We stopped talking when Synodia and Loveness came to inspect the shirts we had ironed. Synodia looked more sour than usual, and Loveness was shorter than usual in her commands. Jimmy could not resist and said, ‘Congratulations, Mbuya Guard, on the new government.’
Synodia sneered and said, ‘Pwongratulations, pwongratulations. Don’t talk as if it is your father’s government.’
Patience added that there was nothing to celebrate because the new president would be leading a government of people who barely spoke English. ‘They are all alphabets,’ she said. ‘Literate alphabets.’
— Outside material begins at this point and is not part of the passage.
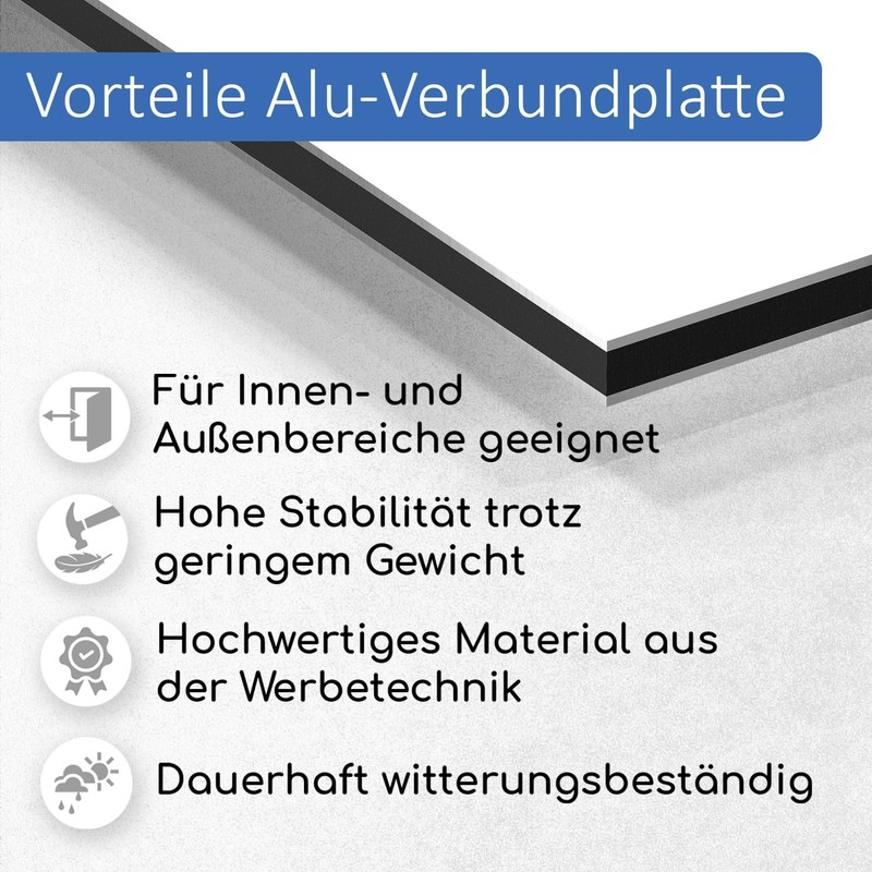 The aluminium composite plate has a PE core, which makes the sign particularly light and can also be easily drilled to the desired surface.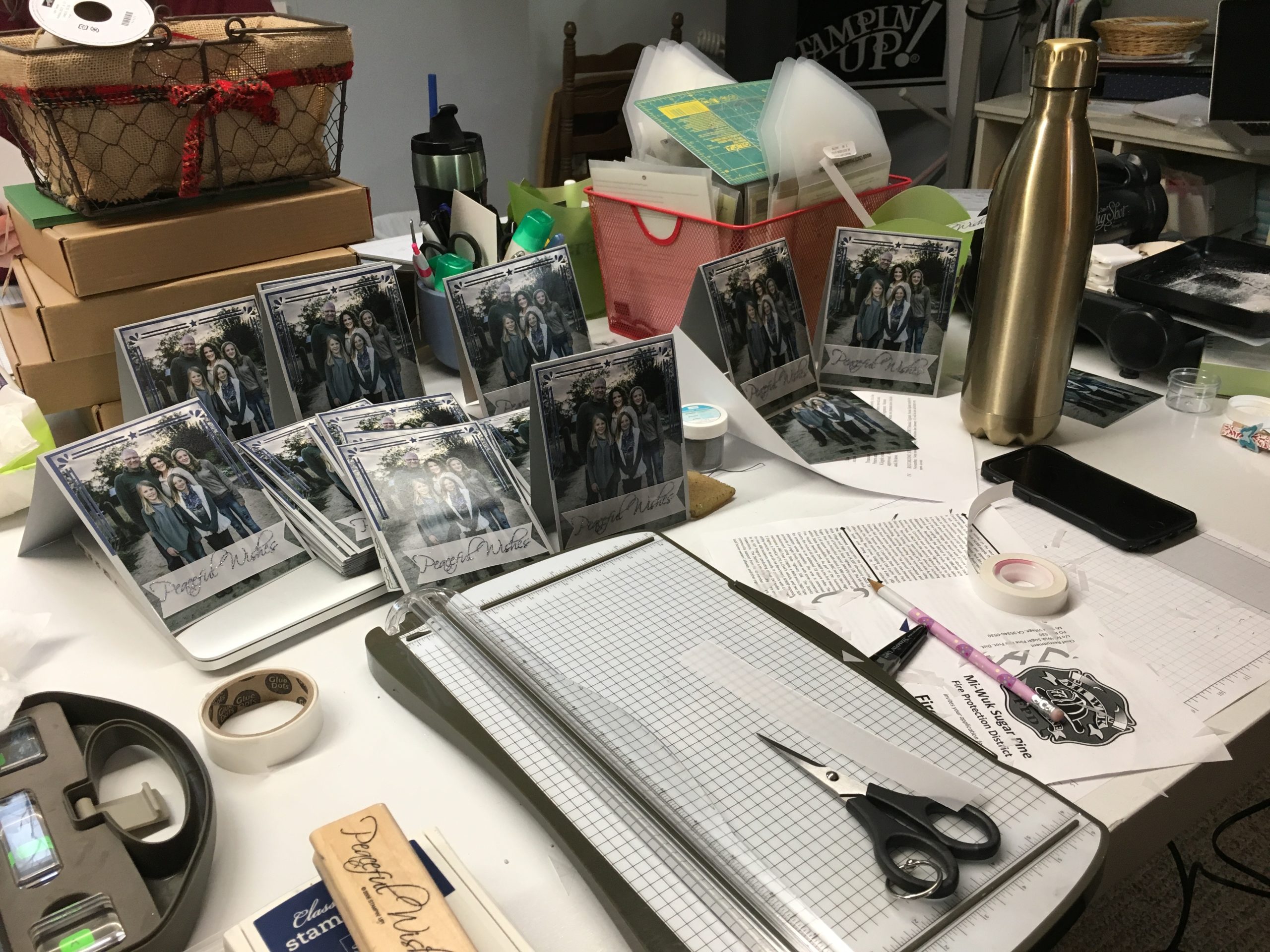 The first weekend in December is always highlighted with card making machines coming to my mountain home.  These are human card making machines.  By the time they all leave on Sunday somewhere between 350-450 holiday cards have been made.

Jimmy said, ‘Well, it is still better because the last president led a government of thieves.’
Patience gave her two weeks of sanitary duty.
The excitement is less to do with a new government than with the certainty of an amnesty. ‘There will be an amnesty international after the election,’ said Verity. ‘There is always one after an election.’
‘What Amnesty International now?’ said Monalisa. ‘What do you mean, Amnesty International?’
‘You know what I mean. Prisoners are allowed to go after an election,’ said Verity.